IMF and World Bank seek renewal after 75 years
The two financial institutions were born during the Second World War, on July 22, 1944, at the initiative of 44 countries to avoid a new crisis such as that of 1929.
After 75 years of its foundation in the Bretton Woods hotel complex in the northeastern United States, both institutions face criticism for having failed to prevent crises and for worsening the situations of the people they should have helped.
Although it can be said that these criticisms are not entirely true, both the IMF and the World Bank have tried to forge a new image for themselves in recent years, emphasizing that when their programs are implemented, the most vulnerable will be protected.
But more than a better communication strategy is going to be needed at a time when the rejection of globalization and technological transformation is growing.
Both organizations also face the challenge of helping Africa in a transition that requires substantial investment in infrastructure and job creation to cope with population growth in the region.
The challenge "is enormous," said World Bank President David Malpass in an interview with AFP.
The International Monetary Fund aims to ensure global financial stability, while the World Bank works for reconstruction and development, to which poverty reduction was eventually added.
"The original concept of reconstruction and development (...) was clarified to include poverty reduction as the bank grew," Malpass said.
A gloomy balance sheet
At first glance, the balance sheet, especially that of the IMF, seems bleak, with the last three decades marked by serious crises: Latin America's debt crisis in the 1980s, the turbulence in Asia and Russia in 1990 and the global financial crisis of 2007, which originated the Great Recession that still affects the world economy.
In each of the episodes, the crisis lasted a decade or more and the IMF was blamed for having inflicted more pain with its demands and its policies, many times more oriented to the interests of rich countries than to poor countries, according to its hardest critics.
At the same time, there are 1 billion fewer people in the world living in extreme poverty than in the 1990s.
"In the history of the world, there has never been as much progress in improving the lives of people as we have seen in the past 75 years," said Masood Ahmed, who served as an IMF or World Bank official for nearly half the history of these organizations.
Both institutions overlooked development issues
The world "was doing well in macro terms, and there were a lot of people coming out of poverty, but we ignore the fact that there were a lot of people who were getting more and more uncomfortable with the pace of change and I think we're paying a bit of the price for that now," said Ahmed, who now heads the Center for Global Development, a poverty research organization.
Malpass does not dismiss the doctrine of the "Washington Consensus," a formula imposed on developing countries that consisted of privatizations and spending cuts, as opposed to the classic economic theory of increasing spending during a recession.
Malpass, on the other hand, wants to focus World Bank programs on what is best for each country.
"I want it to be more and more effective in helping countries find the path to growth and good results for the people of these countries," he said.
One example is the current IMF credit to Argentina, which sets spending parameters for the poorest.

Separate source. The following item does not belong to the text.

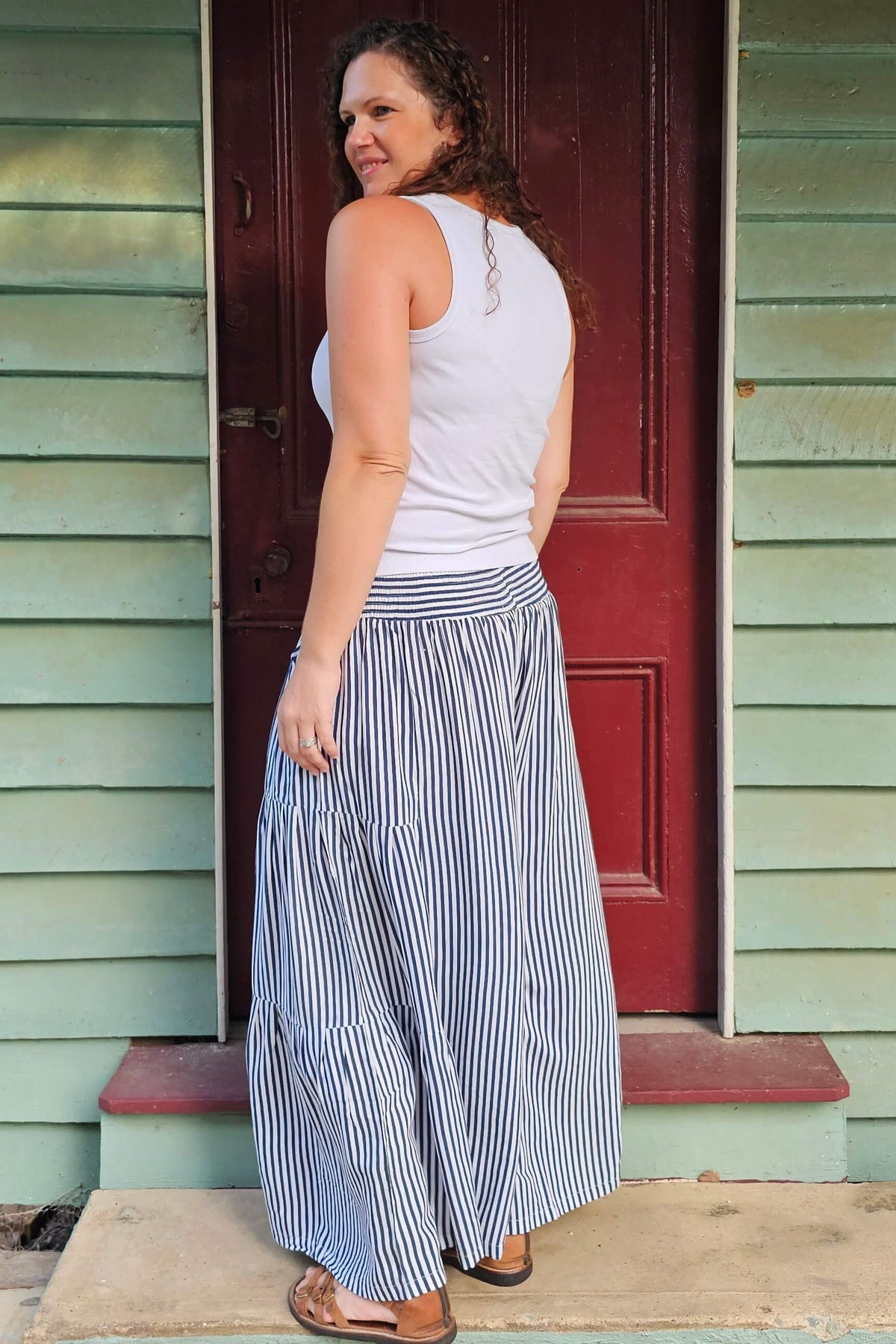 The shirred waistband stretches and smooths without digging in. The wide leg creates beautiful movement as you walk. And the soft frill running down the outer leg adds a subtle, feminine detail that turns a simple stripe into something special.
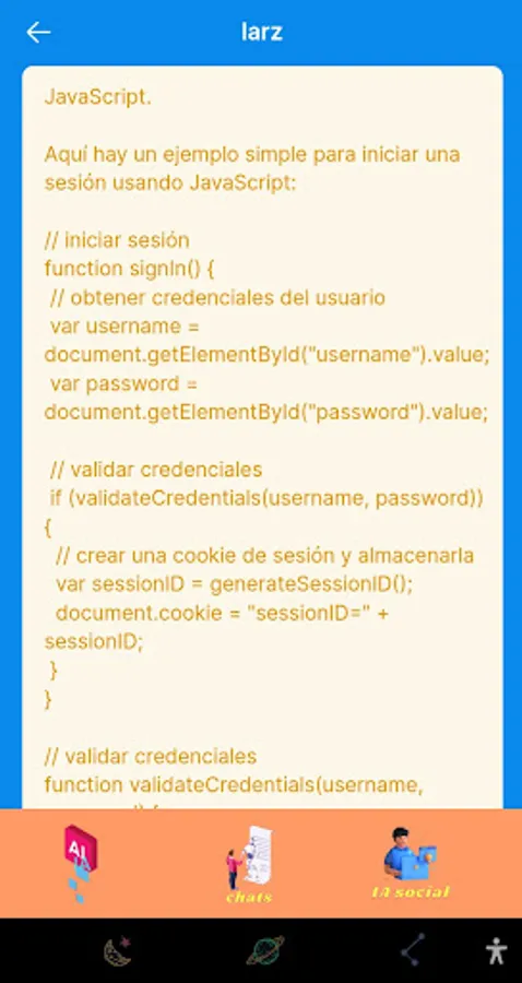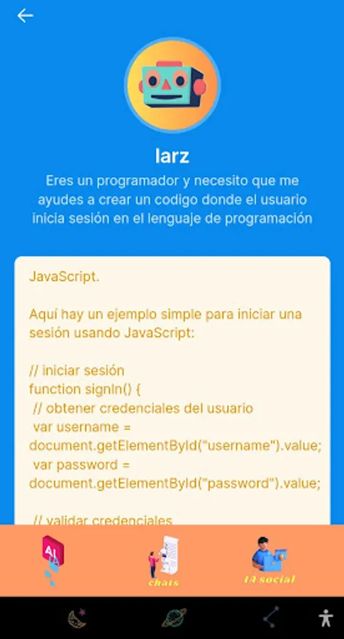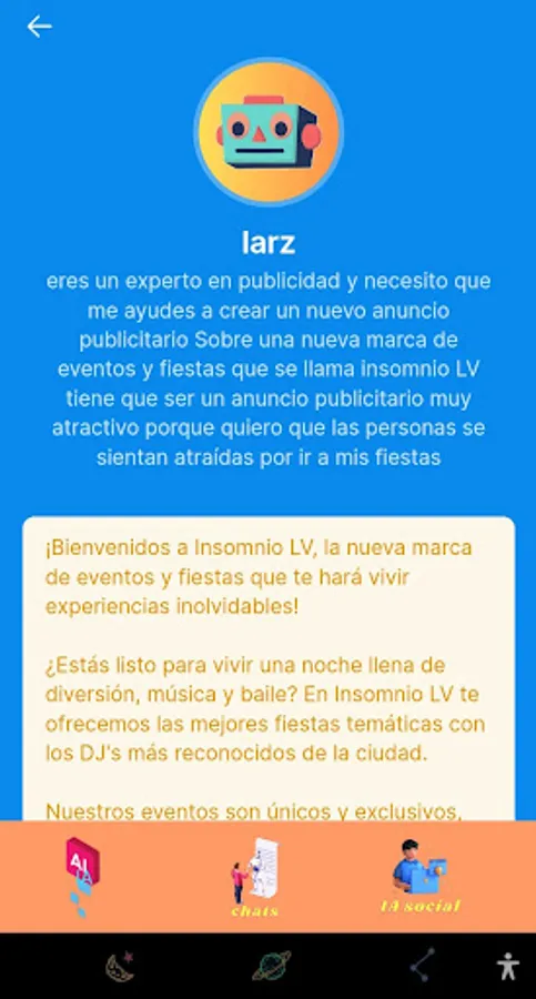 And not only that! LARZ IA is easy to use, intuitive and will always be available to answer all your questions. You can count on it at any time of the day and anywhere. With LARZ IA at your disposal, you can have access to incredible artificial intelligence that will solve your needs quickly and easily. Do you need help programming a website? Not sure how to prepare a delicious dinner? LARZ IA is the answer. With its easy use and intuitive interface, its PREMIUM version will even allow you to record your voice and convert it into text in a matter of seconds. You will no longer have to worry about spending hours typing or looking for information, because with LARZ IA you will have the solution to your doubts in an instant.

Agustin Carstens, former head of Mexico's Central Bank and director of the IMF's Financial Committee, argues that the organization avoided "many other crises" thanks to supervision and political advice.
The problem is that when they call the IMF it is because the economy is already the "most difficult" moment when all other sources of financing are closed and there are no good options.
The official is concerned that the institution has failed to adapt to the changing global economy at a time when countries like China and India are gaining weight.
IMF Managing Director Christine Lagarde, who is about to become president of the European Central Bank, announced that she will leave office on September 12.
It is expected that the tradition of another European will continue, by virtue of an unwritten rule by which the Old Continent keeps the Fund and the United States appoints the President of the World Bank.
Carstens, a finalist in the race won by Lagarde to head the IMF in 2011, said the reform is increasingly "urgent" to "give more legitimacy to the advice the Fund gives."